Microsoft not transparent with sales information: regulator [China Daily: Hong Kong Edition]
(China Daily: Hong Kong Edition Via Acquire Media NewsEdge) A employee stands in the Microsoft booth during the 2014 Computex exhibition at the TWTC Nangang exhibition hall in Taipei June 3, 2014. [Photo/Agencies]
A Chinese antitrust regulator said on Tuesday that Microsoft Corp had not been fully transparent with its sales data on the software it distributes in China, including information on sales of its media player and web browser software.
Microsoft has expressed willingness to cooperate with ongoing investigations, Zhang Mao, the head of the State Administration for Industry and Commerce (SAIC), told reporters at a briefing in Beijing.
"After multiple meetings including at high levels, they've expressed a willingness to respect Chinese law and collaborate with investigating officials," Zhang said.

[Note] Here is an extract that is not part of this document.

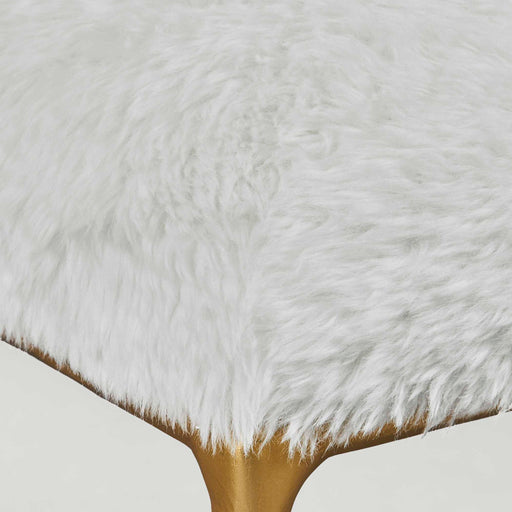 AcmeElegant Design: The Bagley II Bench features a luxurious white faux fur padded seat complemented by a sleek gold-finished metal base, offerin...

The Microsoft investigation comes amid a spate of anti-trust probes against foreign firms in China, including mobile chipset maker Qualcomm Inc and German car maker Daimler AG's (DAIGn.DE) luxury auto unit Mercedes-Benz. The investigations have renewed fears of Chinese protectionism.

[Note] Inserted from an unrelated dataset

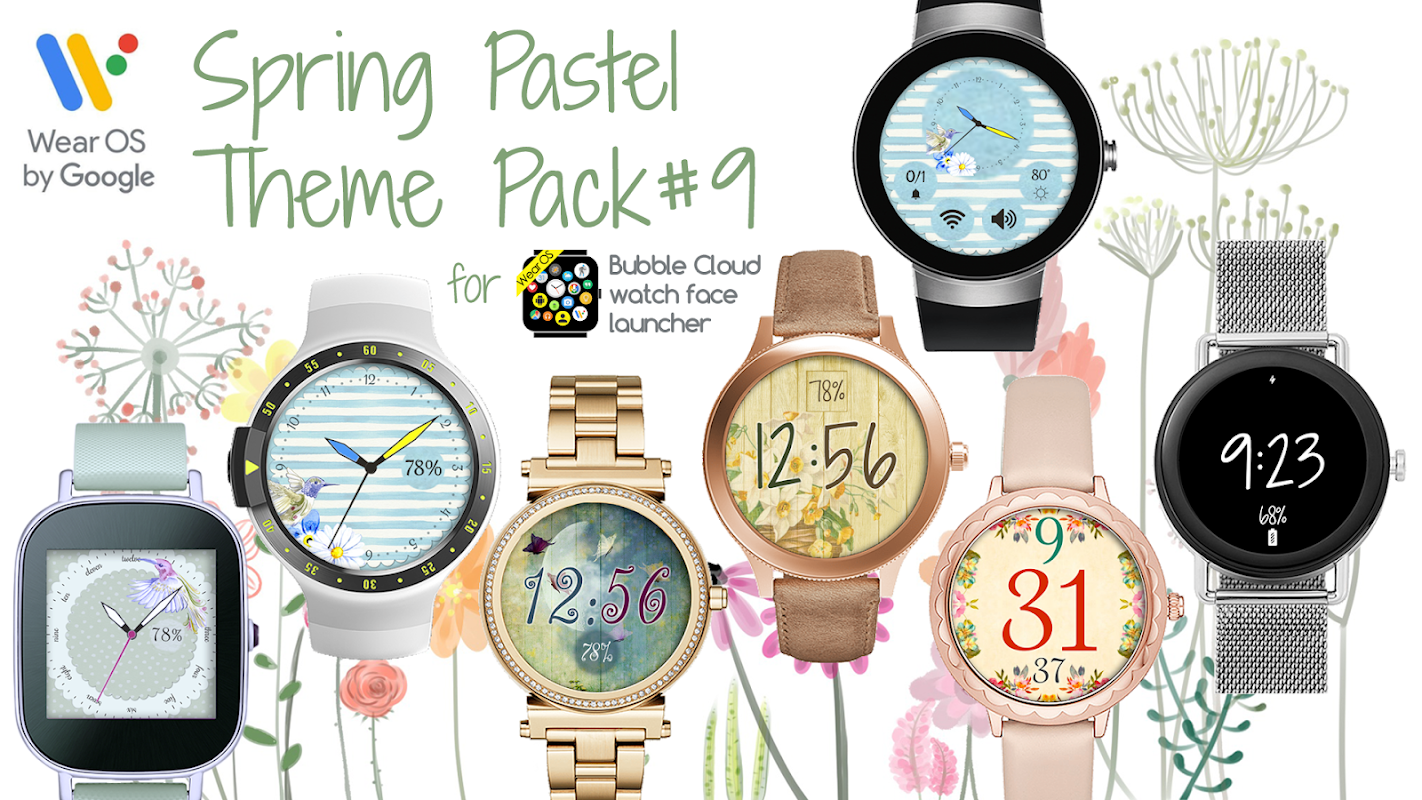 ธีมแพ็ค 9 สำหรับฟองเมฆนาฬิกาเปิดหน้า: 5 เวลาฤดูใบไม้ผลิรูปแบบที่ 1 คลิก

The SAIC said earlier this month that Microsoft had been suspected of violating China's anti-monopoly law since June last year in relation to problems with compatibility, bundling and document authentication for its Windows operating system and Microsoft Office software.

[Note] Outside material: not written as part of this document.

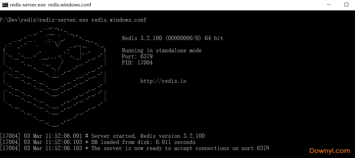 1、将下载的软件压缩包解压到redis文件夹下,并将其拷贝到索要存放的位置,比如说我的是f:\dev\redis,在该文件夹下按住【shift】+鼠标右键,调出cmd控制台,运行redis-server.exe redis.windows.conf,如下图所示:

"The investigation is presently ongoing, and we will disclose the results to the public in a timely fashion," Zhang said, adding that the Microsoft probe is one of nine investigations opened this year which include the software, tobacco, telecommunications, insurance, tourism and utilities sectors.
The companies involved in the nine investigations comprise domestic, foreign, state-owned enterprises and trade associations, Zhang said.
A Microsoft spokesman declined to comment when contacted by telephone.
The SAIC, one of China's three anti-monopoly regulators, formally announced its investigation into Microsoft's activities this month after officials raided Microsoft offices in several major cities and met Microsoft Deputy General Counsel Mary Snapp for questioning in Beijing.